REQUIRED WORK - Only the lines from the one that includes "Adhésif décoratif chien" through the last line below belong in the reply, copied exactly and without pictures.

DATA BLOCK -

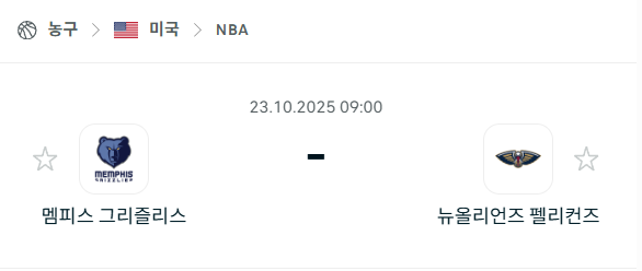 [미국 NBA] 2025년10월23일 멤피스 그리즐리스 vs 뉴올리언즈 펠리컨스 분석 중계
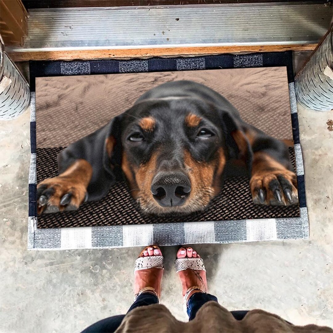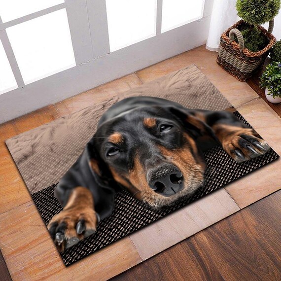 Adhésif décoratif chien saucisse - TenStickers Tapis Cachemire Doux 40x120cm Statue D'animal Artistique En Forme De Chien Teckel, Pour Armoires, étagère Tapis Déco Forme Teckel Que ce soit pour une entrée, un salon ou une chambre, ce tapis design teckel est une façon simple et efficace d’apporter un peu de malice et de charme à votre décoration quotidienne LARGE APPLICATION : Ce tapis décoratif lui permet d'embellir votre salon, chambre, salle à manger, bureau à domicile, cuisine, salle de jeux, entrée, chambre d'enfants, couloir, balcon, dortoir autres espaces décoration. Tapis de porte d'entrée à motif de chien teckel,décoration de la maison,non ald,polymères de sol... CONCEPTION À PROFIL : Notre paillasson décoratif de Noël est si fin, sa conception à profil est idéale pour les portes ou les entrées, garantissant que votre porte se coincera pas que le paillasson restera en place. OCCASION : Ce tapis de fonctionne paillasson d'entrée, paillasson d'extérieur, paillasson de bienvenue, tapis d'intérieur pour l'entrée, tapis à chaussures, paillasson pour chien, tapis de , etc.
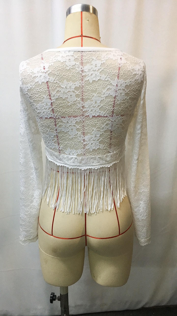 Women's Elegant Lace Fringe Thin Solid Color Hollow-out T-shirt
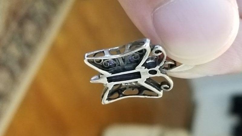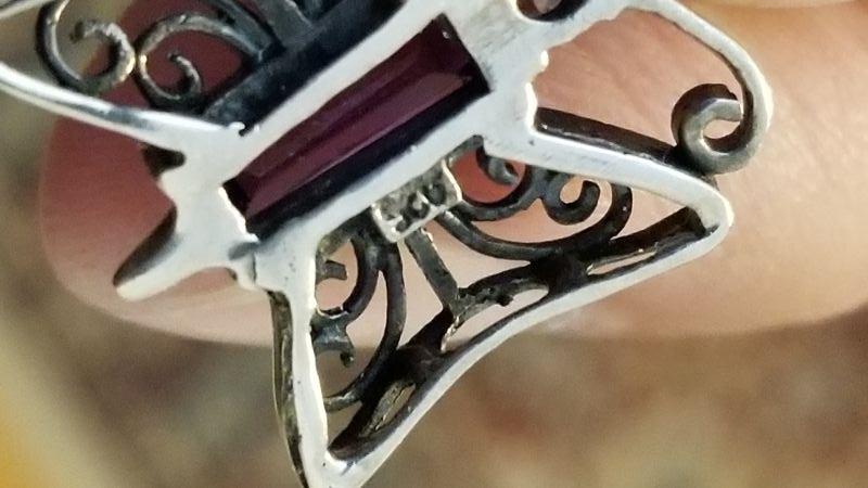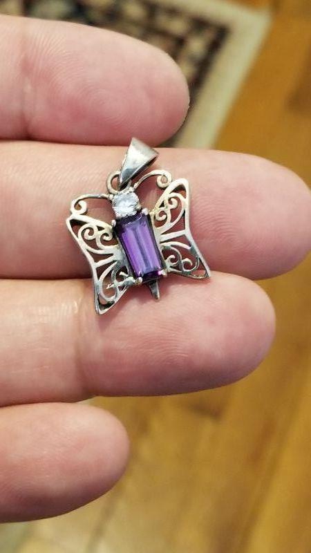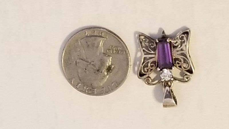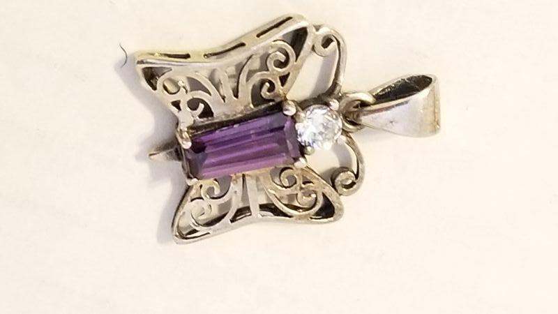 Marked 925, butterfly pendant with large purple stone on the body and a clear round stone on top.

WRITTEN SOLUTION -
 Adhésif décoratif chien saucisse - TenStickers Tapis Cachemire Doux 40x120cm Statue D'animal Artistique En Forme De Chien Teckel, Pour Armoires, étagère Tapis Déco Forme Teckel Que ce soit pour une entrée, un salon ou une chambre, ce tapis design teckel est une façon simple et efficace d’apporter un peu de malice et de charme à votre décoration quotidienne LARGE APPLICATION : Ce tapis décoratif lui permet d'embellir votre salon, chambre, salle à manger, bureau à domicile, cuisine, salle de jeux, entrée, chambre d'enfants, couloir, balcon, dortoir autres espaces décoration. Tapis de porte d'entrée à motif de chien teckel,décoration de la maison,non ald,polymères de sol... CONCEPTION À PROFIL : Notre paillasson décoratif de Noël est si fin, sa conception à profil est idéale pour les portes ou les entrées, garantissant que votre porte se coincera pas que le paillasson restera en place. OCCASION : Ce tapis de fonctionne paillasson d'entrée, paillasson d'extérieur, paillasson de bienvenue, tapis d'intérieur pour l'entrée, tapis à chaussures, paillasson pour chien, tapis de , etc.
 Women's Elegant Lace Fringe Thin Solid Color Hollow-out T-shirt
 Marked 925, butterfly pendant with large purple stone on the body and a clear round stone on top.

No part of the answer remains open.